L: A decision problem. A: Algoriithm on L.

NP-complete are hardest in NP set. L is NP-complete if: 1) L is in NP (Any given solution for NP-complete problems can be verified quickly, but there is no efficient known solution). 2) Every problem in NP is reducible to L in polynomial time.

NP-Hard -> follows property 2 but no neccassirally property 1. NP-Complete set is also a subset of NP-Hard set.

# Decision vs Optimization Problems¶

• NP-completeness applies on decision problems.
• As it’s easier to compare the difficulty of decision problems than that of optimization problems.
• In reality, though, being able to solve a decision problem in polynomial time will often permit us to solve the corresponding optimization problem in polynomial time (using a polynomial number of calls to the decision problem).
• So, discussing the difficulty of decision problems is often really equivalent to discussing the difficulty of optimization problems.

For example, consider the vertex cover problem (Given a graph, find out the minimum sized vertex set that covers all edges). It is an optimization problem. Corresponding decision problem is, given undirected graph G and k, is there a vertex cover of size k?

# Reduction¶

• if A1 solves L1. i.e. x1->A1->y1 given l1 = {x1,y1}
• if A2 solves L2. i.e. x2->A2->y2 given l2 = {x2,y2}
• Transoform input x1 into x2 with funtion f
• such that A1 = A2(f(x1))
• The idea is to find a transformation(f) from L1 to L2 so that the algorithm A2 can be part of an algorithm A1 to solve L1.

• Learning reduction in general is very important.

• if we have library functions to solve certain problem and if we can reduce a new problem to one of the solved problems, we save a lot of time.
• For example, Consider the example of a problem where we have to find minimum product path in a given directed graph where product of path is multiplication of weights of edges along the path.
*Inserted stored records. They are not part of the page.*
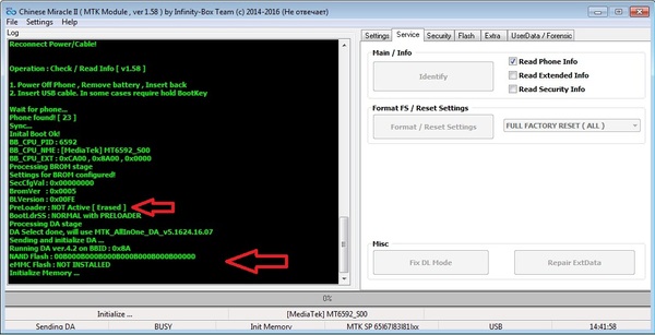 Как я говорил ранее, флешки программно на разных платформах и от разных производителей телефонов меняются абсолютно по-разному. В данном случае, допустим, без нужных разделов считанных с родной флешки, которая устанавливалась на заводе, не возможно было бы восстановить имей, а соответственно и телефон оказался бы дорогим плеером максимум.
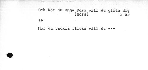 //// ' . • - v •* //// Och hör du unge Dora vill du gifta dig //// (Nora) i år //// se //// Hör du vackra flicka vill du --- ////
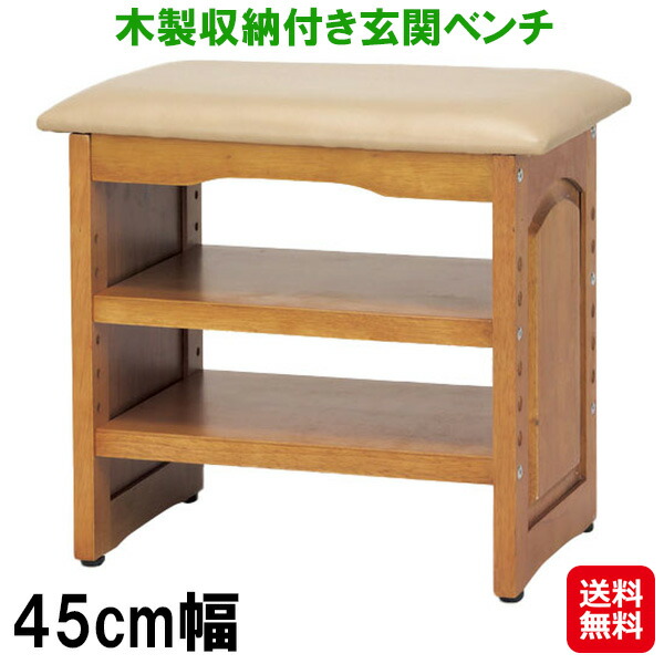 玄関ベンチ 木製 幅45cm 収納 シューズラック アジャスター付き 【木製収納付き玄関ベンチ 45cm】【送料無料】 玄関 ベンチ 収納棚 2段 クッション付き ガタつき防止 組み立て式 dap
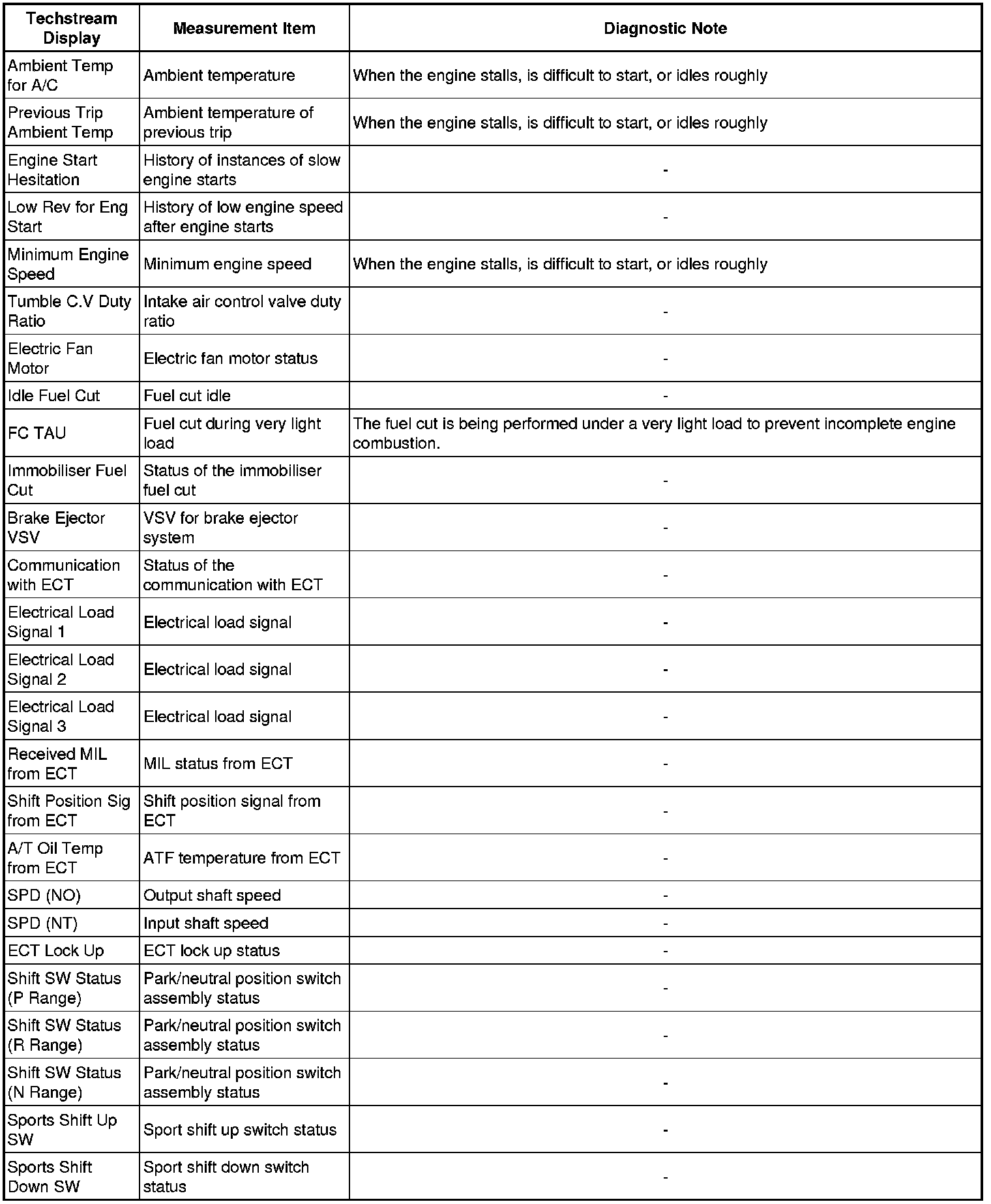 * These data sets can be used to simulate the condition of the vehicle around the time of the occurrence of the malfunction. The data may assist in identifying the cause of the malfunction, and in judging whether it was temporary or not.

If we have code for Dijkstra’s algorithm to find shortest path, we can take log of all weights and use Dijkstra’s algorithm to find the minimum product path rather than writing a fresh code for this new problem.

# How to prove that a given problem is NP complete?¶

• From the definition of NP-complete, it appears impossible to prove that a problem L is NP-Complete.
• By definition, it requires us to that show every problem in NP is polynomial time reducible to L.
• Fortunately, there is an alternate way to prove it.
• The idea is to take a known NP-Complete problem and reduce it to L.
• If polynomial time reduction is possible, we can prove that L is NP-Complete by transitivity of reduction (If a NP-Complete problem is reducible to L in polynomial time, then all problems are reducible to L in polynomial time).

# first problem as NP-Complete¶

(SAT)Boolean satisfiability problem

• It is always useful to know about NP-Completeness even for engineers.
• Suppose you are asked to write an efficient algorithm to solve an extremely important problem for your company.
• After a lot of thinking, you can only come up exponential time approach which is impractical.
• If you don’t know about NP-Completeness, you can only say that I could not come with an efficient algorithm.
• If you know about NP-Completeness and prove that the problem as NP-complete, you can proudly say that the polynomial time solution is unlikely to exist.
• If there is a polynomial time solution possible, then that solution solves a big problem of computer science many scientists have been trying for years.